In a statement on September 25, 2023, Ford said somewhat enigmatically, “We are pausing work and limiting spending on construction on the Marshall project until we’re confident about our ability to competitively operate the plant. We haven’t made any final decision about the planned investment there.” Nothing further has been said publicly about that factory since.
Other Electric Pickup Trucks Delayed
General Motors is also experiencing some lack of demand for its upcoming electric pickup trucks from Chevrolet and GMC. The company said it will delay the conversion of its Orion Assembly plant in Michigan, which was supposed to be repurposed for the production of the Chevrolet Silverado EV and GMC Sierra EV pickups, and will push production to late 2025 in order to “better manage capital investment while aligning with evolving EV demand.”
“Evolving EV demand” is the key phrase here. “Brands like Chevrolet, Ford, and GMC made assumptions about what percentage of their future truck sales would be electric trucks. It’s clear those assumptions were unrealistic based on the current and near-term future demand for these models,” iSeeCars analyst and longtime industry watcher Karl Brauer told Yahoo Finance.
Brauer noted that, compared to conventional trucks, electric pickup trucks cost more up front and require an even larger dedicated space to store and charge. “Now roll in their compromised real-world functionality, with shorter ranges even before adding passengers, payload, or a trailer, and your potential buyers get pretty scarce compared to traditional trucks.”
Rivian & Lifestyle Buyers
Things are a little different at Rivian, which manufactures what it refers to as “lifestyle vehicles.” It delivered 15,564 vehicles in the third quarter, beating Wall Street estimates and 23% more than in the second quarter. Rivian also confirmed its 52,000 unit 2023 production goal, as it tries to meet demand for its trucks.
Rivian never tried to address the work truck market like Ford and GM did. Instead, it targeted coastal and higher income buyers who were more interested in recreational activities. Though Rivian is far from profitable, it has been cutting costs and predicts it will become profitable in 2024.

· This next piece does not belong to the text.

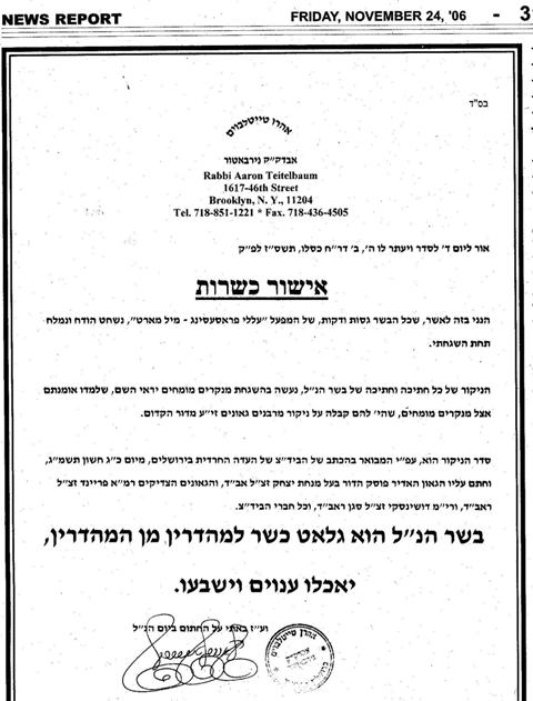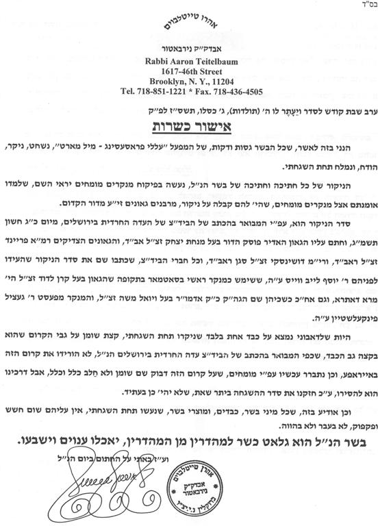 דברי תוכחה אלו מיועד לכל ארגוני וועד הכשרות למיניהם, רבני ושליחי חב"ד בכל העולם כולו, כל הרבנים משגיחים, ועוד.UNITED STATES and CANADA California Igud Hakashrus of Los Angeles (Kehillah Kosher) Rabbi Avraham Teichman (323) 935-8383 186 North Citrus Ave., Los Angeles, CA 90036 Vaad Hakashrus of Northern California 510-843-8223 2520 Warring St. Berkeley, CA 94704 Rabbinical Council of California (RCC) Rabbi Nissim Davidi (213) 489-8080 617 South Olive St. #515, Los Angeles, CA 90014 Colorado Scroll K Vaad Hakashrus of Denver Rabbi Moshe Heisler (303) 595-9349 1350 Vrain St. Denver, CO 80204 District of Columbia Vaad HaRabanim of Greater Washington Rabbi Binyamin Sanders 518-489-1530 7826 Eastern Ave. NW, Suite LL8 Washington DC 20012 Florida Kosher Miami Vaad HaKashrus of Miami-Dade Rabbi Mordechai Fried Rabbi Manish Spitz (786) 390-6620 PO Box 403225 Miami, FL 33140 Florida K and Florida Kashrus Services Rabbi Sholom B. Dubov (407) 644-2500 642 Green Meadow Ave. Maitland, FL 32751 South Palm Beach Vaad (ORB) Rabbi Pesach Weitz (305) 206-1524 5840 Sterling Rd. #256 Hollywood, FL 33021 Georgia Atlanta Kashrus Commission Rabbi Reuven Stein (404) 634-4063 1855 La Vista Rd. Atlanta, GA 30329 Illinois Chicago Rabbinical Council (cRc) Rabbi Sholem Fishbane www.crcweb.org (773) 465-3900 2701 W. Howard, Chicago, IL 60645 Midwest Kosher Rabbi Yehoshua H. Eichenstein Rabbi Chaim Tzvi Goldzweig 773-761-4878 Indiana Indianapolis Beth Din Rabbi Avraham Grossbaum Rabbi Shlomo Crandall (317) 251-5573 1037 Golf Lane Indianapolis, IN 46260 Iowa Iowa “Chai-K” Kosher Supervision Rabbi Yossi Jacobson (515) 277-1718 943 Cummins Pkwy Des Moines, IA 50312 A Service of the Kashrus Division of the Chicago Rabbinical Council - Serving the World Back to Top Kentucky Louisville Vaad Hakashrut 502-459-1770 PO Box 5362 Louisville, KY 40205 Louisiana Louisiana Kashrut Committee Rabbi Nemes 504-957-4986 PO Box 55606 Metairie, LA 70055 Maryland Star-K Kosher Certification (chalav Yisrael) Dr. Avram Pollack (410) 484-4110 122 Slade Ave. #300 Baltimore, MD 21208 Star-D Certification (non-chalav Yisrael) Dr. Avram Pollack (410) 484-4110 122 Slade Ave. #300 Baltimore, MD 21208 Massachusetts New England Kashrus LeMehadrin 617-789-4343 75 Wallingford, MA 02135 Vaad Hakashrus of Worcester 508-799-2659 822 Pleasant St. Worcester, MA 01602 Rabbi Dovid Moskovitz (617) 734-5359 46 Embassy Road Brighton, MA 02135 Michigan Council of Orthodox Rabbis of Greater Detroit (Merkaz) Rabbi Yosef Dov Krupnik (248) 559-5005 16947 West Ten Mile Rd. Southfield, MI 48075 Minnesota United Mehadrin Kosher (UMK) Note: unless the meat states that it is glatt, it is certified not-glatt by the UMK. The cRc only accepts Glatt Kosher meats. Rabbi Asher Zeilingold (651) 690-2137 1001 Prior Ave. South St. Paul, MN 55116 Missouri Vaad Hoeir of Saint Louis (314) 569-2770 4 Millstone Campus St. Louis, MO 63146 New Jersey Badatz Mehadrin -USA 732-363-7979 1140 Forest Ave. Lakewood, NJ 08701 Double U Kashrus Badatz Mehadrin USA Rabbi Y. Shain (732) 363-7979 1140 Forest Ave. Lakewood, NJ 08701 Rabbi Shlomo Gissinger (732) 364-8723 170 Sunset Rd. Lakewood, NJ 08701 Kashrus Council of Lakewood N.J. Rabbi Avrohom Weisner (732) 901-1888 750 Forest Ave. #66 Lakewood, NJ 08701 Kof-K Kosher Supervision Rabbi Zecharia Senter (201) 837-0500 201 The Plaza Teaneck, NJ 07666 Rabbinical Council of Bergen County 201-287-9292 PO Box 1233 Teaneck, NJ 07666 New York-Bronx Rabbi Zevulun Charlop (718) 365-6810 100 E. Mosholu Parkway South Bronx, NY 10458 New York-Brooklyn Rabbi Yechiel Babad (Tartikover Rav) (718) 951-0952/3 5207-19th Ave. Brooklyn, NY 11204 Central Rabbinical Congress (Hisachdus HaRabanim) Rabbi Yitzchak Glick (718) 384-6765 85 Division Ave. Brooklyn, NY 11211 Rabbi Yisroel Gornish 718-376-3755 1421 Avenue O Brooklyn, NY 11230 Rabbi Nussen Naftoli Horowitz Rabbi Benzion Halberstam (718) 234-9514 1712-57th St. Brooklyn, NY 11204 Kehilah Kashrus (Flatbush Community Kashrus Organization) Rabbi Zechariah Adler (718) 951-0481 1294 E. 8th St. Brooklyn, NY 11230 The Organized Kashrus Laboratories (OK) Rabbi Don Yoel Levy (718) 756-7500 391 Troy Ave. Brooklyn, NY 11213 Rabbi Avraham Kleinman Margaretten Rav 718-851-0848 1324 54th St. Brooklyn, NY 11219 Debraciner Rav Rabbi Shlomo Stern (718) 853–9623 1641 56th St. Brooklyn, NY 11204 Rabbi Aaron Teitelbaum (Nirbater Rav) (718) 851-1221 1617 46th St., Brooklyn, NY 11204 Rabbi Nuchem Efraim Teitelbaum (Volver Rav) (718) 436-4685 58085-11th Ave. Brooklyn, NY 11225 Bais Din of Crown Heights Vaad HaKashrus Rabbi Yossi Brook (718) 604-2500 512 Montgomery Street Brooklyn, NY 11225 Vaad Hakashrus Mishmeres L'Mishmeres 718-680-0642 1157 42nd. St. Brooklyn, NY 11219 Kehal Machzikei Hadas of Belz 718-854-3711 4303 15th Ave. Brooklyn, NY 11219 Vaad Harabanim of Flatbush Rabbi Meir Goldberg (718) 951-8585 1575 Coney Island Ave. Brooklyn, NY 11230 New York-Manhattan K’hal Adas Jeshurun (Breuer’s) Rabbi Moshe Zvi Edelstein (212) 923-3582 85-93 Bennett Ave, New York, NY 10033 Orthodox Jewish Congregations (OU) Rabbi Menachem Genack (212) 613-8241 11 Broadway New York, NY 10004 New York-Queens Vaad HaRabonim of Queens (718) 454-3529 185-08 Union Turnpike, Suite 109 Fresh Meadows, NY 11366 New York-Long Island Vaad Harabanim of the Five Towns and Far Rockaway Rabbi Yosef Eisen (516) 569-4536 597A Willow Ave. Cedarhurst, NY 11516 New York-Upstate Vaad HaKashrus of Buffalo Rabbi Moshe Taub (716) 634-3990 3940 Harlem Rd. Amherst, NY 14226 The Association for Reliable Kashrus Rabbi Shlomo Ullman (516) 239-5306 104 Cumberland Place Lawrence, NY 11559 Rabbi Mordechai Ungar 845-354-6632 18 N. Roosevelt Ave. New Square, NY 10977 Bais Ben Zion Kosher Certification Rabbi Zushe Blech (845) 364-5376 30 Mariner Way Monsey, NY 10952 Vaad Hakashrus of Mechon L’Hoyroa Rabbi Y. Tauber (845) 425-9565 ext. 101 168 Maple Ave. Monsey, NY 10952 Rabbi Avraham Zvi G

Karl Brauer says Rivian’s success illustrates the variation in market appetite between adventure oriented electric pickups and electric work trucks. “The overwhelming majority of truck buyers purchase their vehicles to satisfy real world demands that no other vehicle can satisfy. It appears electric pickup trucks aren’t yet capable of satisfying those needs.”
“Tesla’s customer profile is all about early adopting, ensuring plenty of initial excitement for its first truck,” he added, “But Tesla’s buyers are not, by nature, truck buyers. And truck buyers, as we now know, are not by nature electric vehicle buyers. After the initial rush, Cybertruck sales will be like Model S and Model X sales — a fraction of Tesla’s total volume.”
Kevin Roberts has a slightly different take. “The elephant in the room is the coming Cybertruck. If it’s a hit, then we’ll probably see OEMs get more aggressive with launches.”
The UAW strike is probably forcing Ford, GM, and Stellantis to trim their spending somewhat. The strike has already cost them hundreds of millions of dollars, particularly because the union has targeted the factories that manufacture the most profitable models — SUVs and pickup trucks.
But the topic no one really wants to talk about is whether electric pickup trucks can do what conventional working pickups do — haul cargo, pull trailers, and so forth. The allure of onboard power to run power tools or V2H technology that can keep a home powered up for days during a grid outage is strong, but not strong enough to offset the developing narrative that electric pickup trucks just can’t do the job when there’s work to be done. Until that changes, they will likely remain in the slow lane in America.